> **INSTRUCTIONS TO FOLLOW**
The task requires repeating, word for word, the lines from the one with "Tutina corta elegante" through the end of the material, leaving out all pictures.

> **INFORMATION PROVIDED**
:::

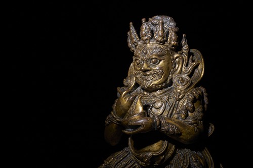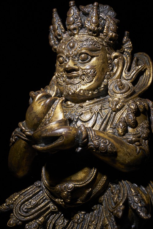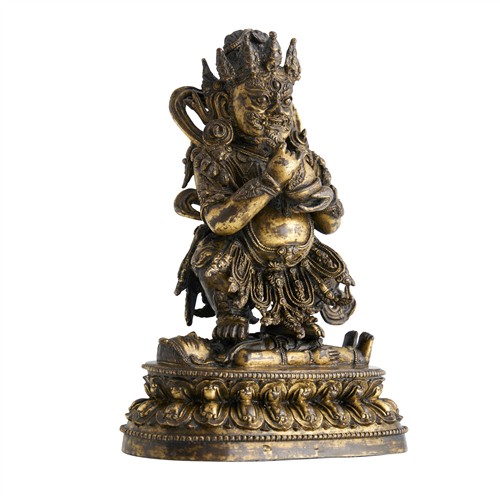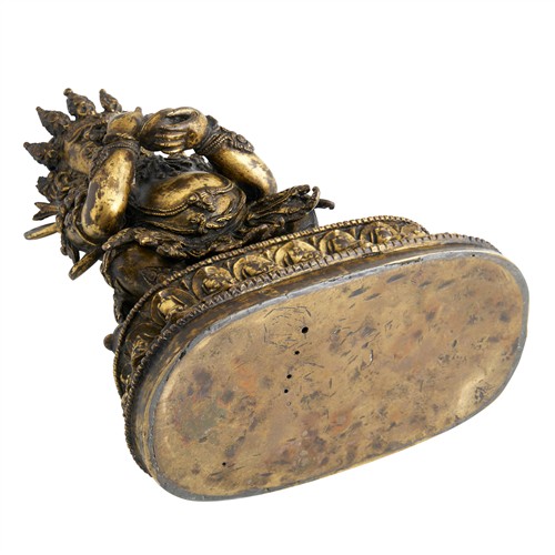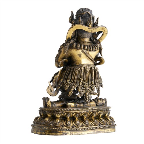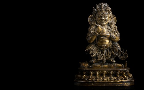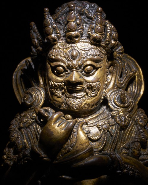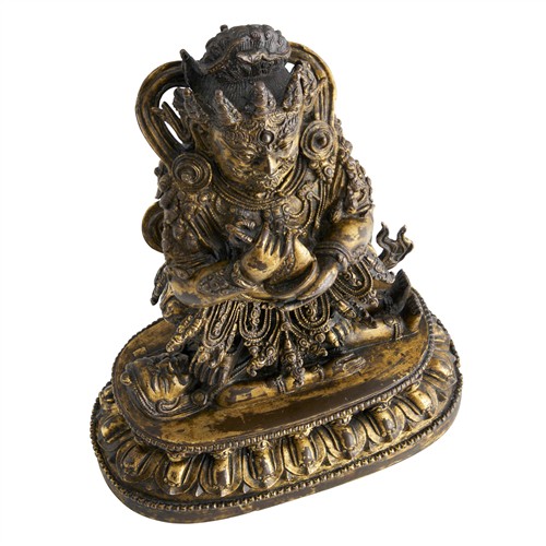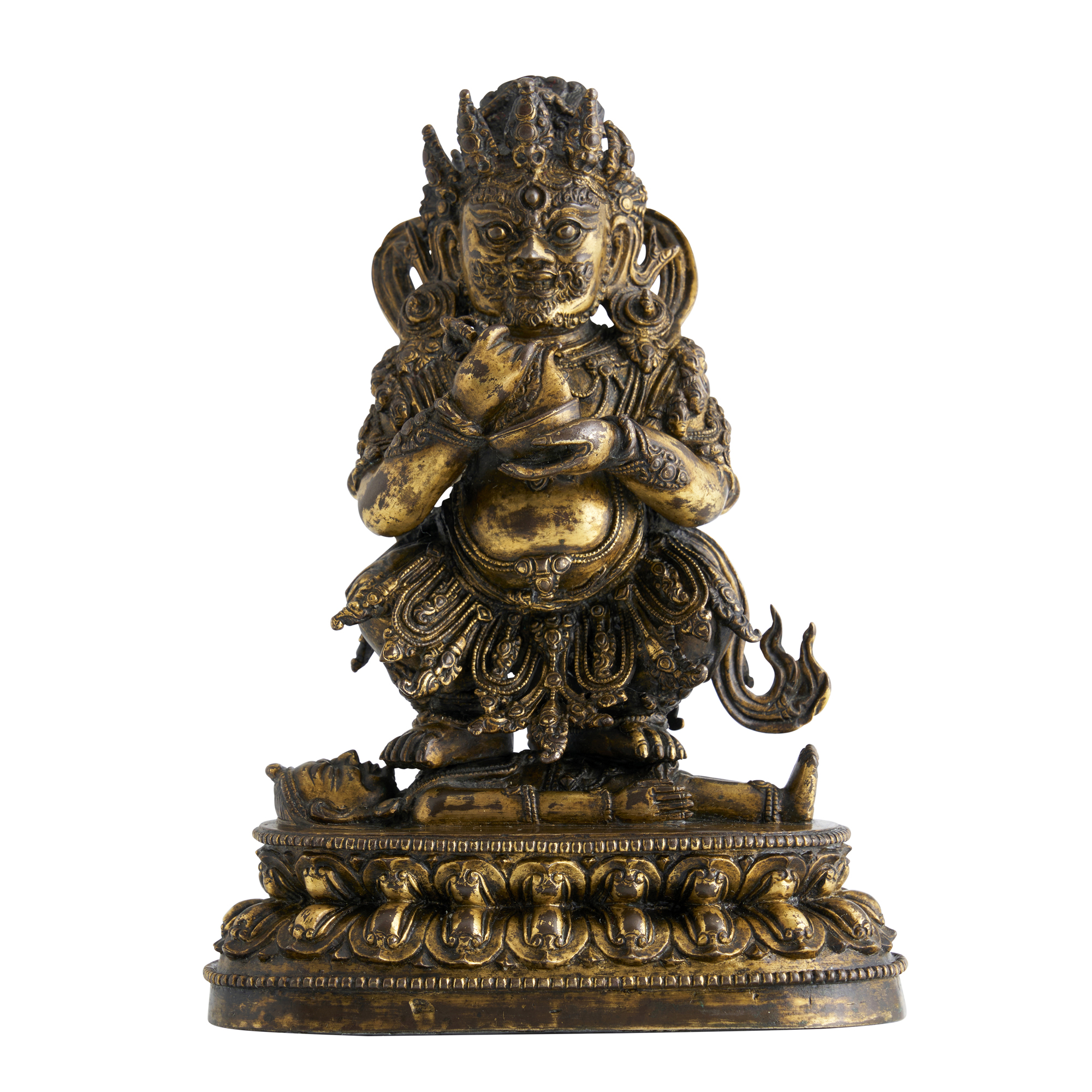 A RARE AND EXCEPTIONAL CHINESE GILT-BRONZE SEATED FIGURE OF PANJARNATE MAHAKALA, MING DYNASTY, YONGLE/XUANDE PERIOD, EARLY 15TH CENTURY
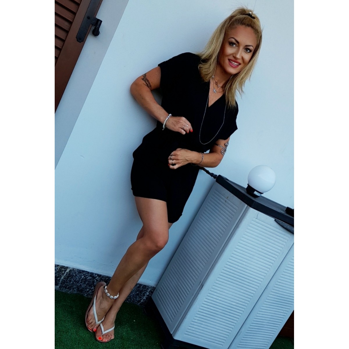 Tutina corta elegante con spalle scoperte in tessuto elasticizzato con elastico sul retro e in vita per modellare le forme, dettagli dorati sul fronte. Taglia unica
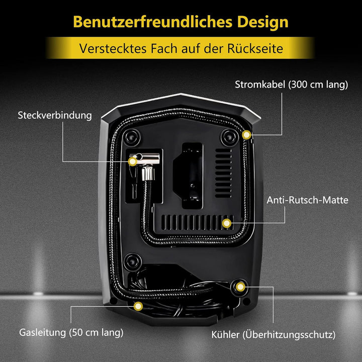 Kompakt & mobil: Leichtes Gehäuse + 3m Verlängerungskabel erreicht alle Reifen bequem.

:::

> **TASK RESPONSE**
 Tutina corta elegante con spalle scoperte in tessuto elasticizzato con elastico sul retro e in vita per modellare le forme, dettagli dorati sul fronte. Taglia unica
 Kompakt & mobil: Leichtes Gehäuse + 3m Verlängerungskabel erreicht alle Reifen bequem.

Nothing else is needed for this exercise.